Computer Numerical control is the mechanisation of machine tools that are operated by precisely programmed commands programmed on a storage medium, as conflicting to controlled manually by hand wheels or levers, or mechanically automated by cams alone. Most Numeric Control today is computer or computerized numerical control (CNC), in which computers play an integral part of the controller.
In modern CNC systems, end-to-end component design is highly automated using computer-aided design (CAD) and computer-aided engineering (CAM) programs. The programs produce a computer file that is interpreted to extract the commands required to operate a particular machine by use of a post processor, and then loaded into the CNC machines for production. Since any specific component might require the use of a number of different tools – drills, saws, etc., modern machines habitually combine multiple tools into a single "cell". In other installations, a number of different machines are rummage-sale with an external controller and human or robotic operators that move the component from machine to machine. In moreover case, the series of steps needed to produce any part is highly automated and produces a part that closely matches the original CAD design.
This machine is replacing lathe, miller or shaper machines because of it precision, automation and remotely controller.
Possibilities in CNC machine compared to normal.
• Motion is controlled along multiple axes, usually at least two (X and Y) and a tool spindle that moves in the Z (depth). The position of the tool is driven by direct-drive servo motor or steeper motors in order to provide highly accurate movements, or in older designs, motors concluded a series of step down gears. Open-loop control works as long as the forces are kept small enough and speeds are comparatively low. On commercial metalworking machines, closed loop controls are standard and required in order to deliver the accuracy, speed, and repeatability demanded.
• But in normal machines man force is needed for changing directions for multiaxial job. And every now and then operator has to change the fittings of the machine, which is time consuming.
• As the controller hardware evolved, the mills themselves also evolved. One change has been to enclose the entire mechanism in a large box as a safety measure, often with additional safety interlocks to ensure the operator is far enough from the working piece for safe operation. Most new CNC systems built today are 100% electronically controlled. Which also ensures precision and reliability.
• As normal lathe and miller are not electronically power, man force is needed which also does not ensure in safety operations. And is not reliable and precise.
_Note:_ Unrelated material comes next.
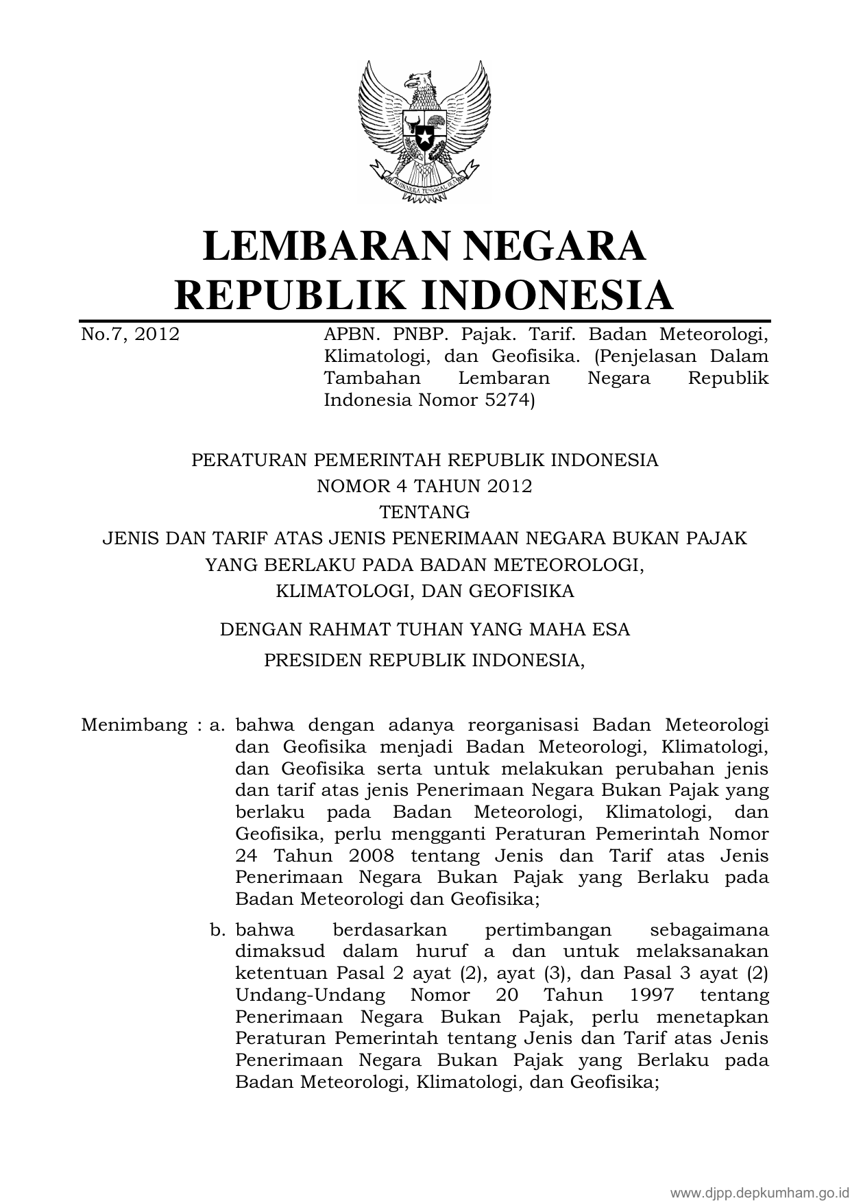 PP Nomor 4 Tahun 2012 | Peraturan Pemerintah Nomor 4 Tahun 2012 tentang JENIS DAN TARIF ATAS JENIS PENERIMAAN NEGARA BUKAN PAJAK YANG BERLAKU PADA BADAN METEOROLOGI, KLIMATOLOGI, DAN GEOFISIKA

CNC-like systems are now used for any process that can be described as a series of movements and operations. These include laser cutting, welding, friction stir welding, ultrasonic welding, flame and plasma cutting, bending, spinning, hole-punching, pinning, gluing, fabric cutting, sewing, tape and fibre placement, routing, picking and placing, and sawing.
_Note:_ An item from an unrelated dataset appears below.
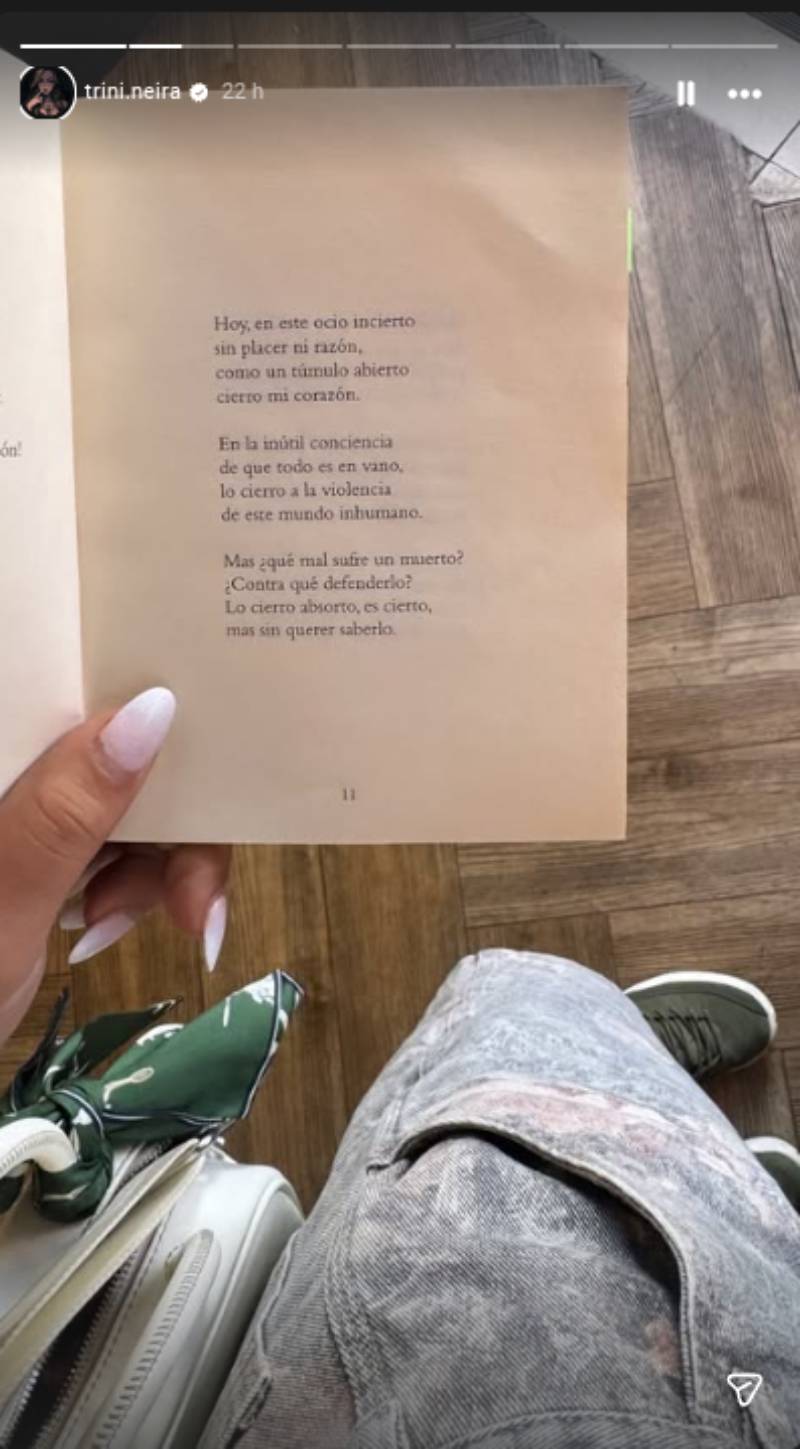 Trini Neira publicó en sus historias una fotografía en la que sostiene un libro de poemas y enfoca una página con versos que reflejan el deseo de aislarse y preferir estar como "muerto" para no sentir nada, ni sufrir.

Task 2(b) the benefit and development process of mechatronic laboratory apparatus.
A multimeter is used to make numerous electrical measurements, such as AC and DC voltage, AC and DC current, and resistance. It is so-called a multimeter because it associations the functions of a voltmeter, ammeter, and ohmmeter. Multimeters may also partake other functions, such as diode and continuity tests.
It flows a system of electrical, electronics, digital, and computer(plc) it is with maximum resolution levels from 5½ to 8½ digits and basic accuracy levels down to 0.0010%, there's sure to be that it delivers the combination of speed, accuracy, and flexibility your application demands.
Limitation solved by digital multimeter.
Now because of mechatronic measuring instruments more precise readings and the chance of error are less compared to normal instruments, calculation are also error free and precise and has more accuracy with less management of time.
Digital calliper (matt, 2010)
The Digital Calliper (sometimes incorrectly called the Digital Vernier Calliper) is a precision instrument that can be used to measure internal and external distances extremely accurately. Earlier versions of this type of measuring instrument had to be read by looking carefully at the imperial or metric scale and there was a need for very good eyesight in order to read the small sliding scale. Digital callipers are easier to use as the measurement is clearly displayed
Limitation for normal callipers to digital calliper.
Digital callipers don't have any rack/pinion/gear system. This makes them more shock-proof which we like.
Digital callipers can also easily convert from inches to mm and back which we really like since a lot of electronics is mixed-units.
Normally easier to read. Particularly important as your eyesight diminishes getting older. But, possibly important to some users, the distinctive LCD display is difficult or impossible to read in direct sunlight or bright daylight. Instant read, so faster to use (particularly when compared to Vernier callipers).
More accurate than dial or Vernier, sort of. Disregard what you hear to the conflicting, they are more precise in practice than dial callipers; this isn't to do with the build accuracy or better machining of the gearing, it's simply a by-product of the digital display of the measurement. Re-zero function at any opening size allows easier comparison measurements (both positive and negative).
They are retaining the basic marked scales that a Vernier calliper has, and the housing for the digital display is intentionally sized do that you can use its edge to read the measure.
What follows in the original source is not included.